Daughtry - Cage To Rattle

Podziel się na facebooku! Tweetnij!

Ocena:

Dwa lata temu Chris Daughtry, założyciel i lider kapeli pod swoim nazwiskiem umieścił na Instagramie wideo, na którym zapowiadał kolejny album. Finalista piątej edycji American Idol podkreślał przy tym, że możemy spodziewać się powrotu do mocniejszej, gitarowej twarzy Daughtry. „Cage to Rattle” ukazał się 27 lipca 2018 roku i jakkolwiek gitar na nim tyle, co kot napłakał, to w żadnym wypadku nie można nazywać go rozczarowaniem.

Najświeższe wydawnictwo szalenie popularnego w USA Daughtry to 10 zgrabnie zaaranżowanych kompozycji, które przypadną do gustu dotychczasowym fanom utalentowanego sekstetu muzyków.

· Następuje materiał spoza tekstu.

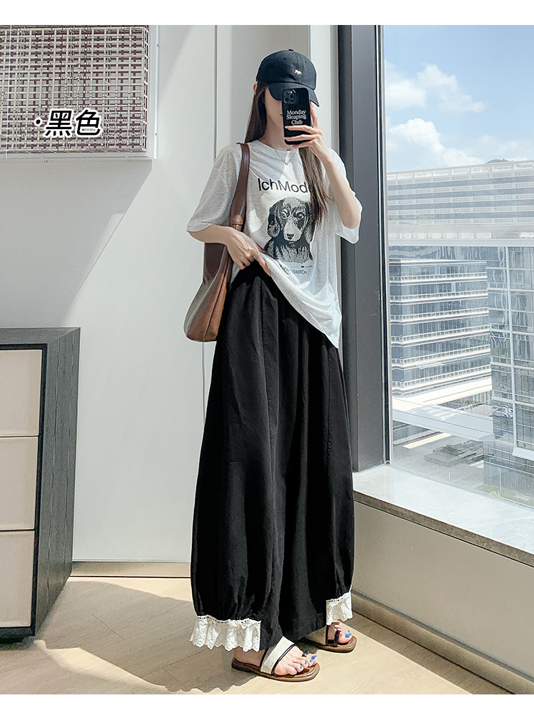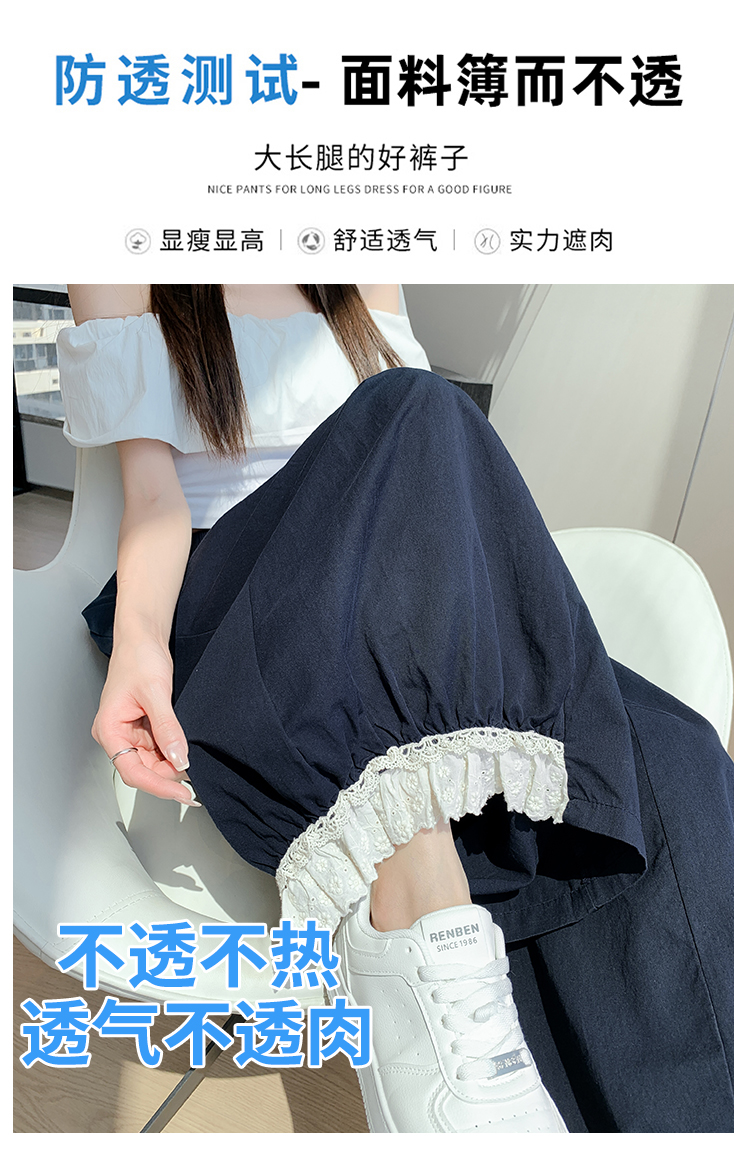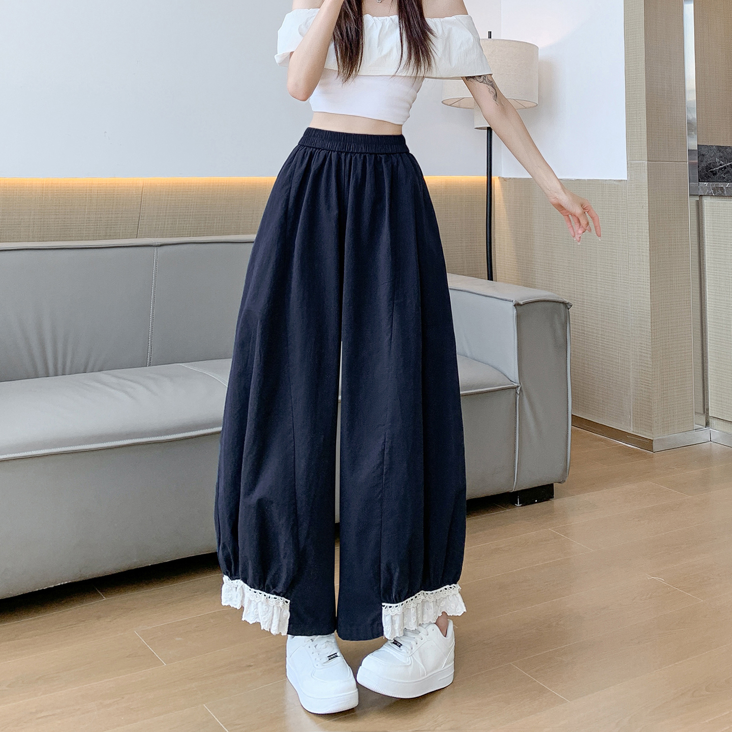 실사 2026 여름 얇은 스타일 주간 실크 면 린넨 와이드 레그 팬츠 레이스 스트랩 하이웨이스트 도루 가을 센스 바닥 청소 바지 여성

Doskonale łączą oni pop i rock, co słychać już na otwierającym album „Just Found Heaven” – płynnie sunące i wpadające w ucho melodie, podkreślone dyskretnym „pogrywaniem” na perkusji przez nowy nabytek zespołu, Brandona Maclina, ukazują nam czego możemy spodziewać się po całej zawartości płyty.

Najmłodsze wydawnictwo muzyczne Daughtry było promowane utworem „Deep End”, który momentalnie stał się kolejnym hitem – to właśnie tutaj moje uszy wyławiają gęsty pop-rockowy klimat z przed lat. Wyraźna, melodyjna nuta przewodnia podkreślona fajnie skaczącą na tomach perkusją, w stylu starego Genesis, Roxette, czy Michaela Jacksona.

„Cage To Rattle” nie jest albumem rewolucyjnym w dyskografii Amerykanów, nie ma na nim także artystycznego nieporządku – wszystkie piosenki mają swój wyraźny sznyt, czy będzie to hitowy „Death Of Me”, czy „Back In Time”, którego refren to esencja popu w wykonaniu Daughtry.

Bardzo miło zostałem zaskoczony „Gravity” – po pierwszych 15 sekundach miałem wrażenie, że słucham Massive Attack i dopiero przy refrenie dotarło do mnie, że to nadal Chris z kolegami. Zgrabnie łącząc w tym utworze art pop i rock panowie udowodnili, że dysponują songwritingiem na najwyższym poziomie.

Daughtry nie byliby sobą, gdyby nie mieli w arsenale nowych dźwięków tego, dzięki czemu swego czasu podbili radiowe listy przebojów – rzewnej, płaczliwej „pościelowy” dla zbuntowanych nastolatek. Tu w tej roli występuje „As You Are” – widzę oczyma wyobraźni licealne gąski wzdychające do ukochanego w rytm tej sentymentalnej (nie jedynej takiej na albumie) nuty.

Czysto rockowe oblicze Amerykanów ukazuje się słuchaczom w zasadzie dopiero w ostatnich dwóch utworach, w tym na zamykającym „Cage to Rattle”, ciutkę stonerowym gitarowo „White Flag”, co niektórzy mogą uznać za minus (w świetle zapowiedzi Chrisa)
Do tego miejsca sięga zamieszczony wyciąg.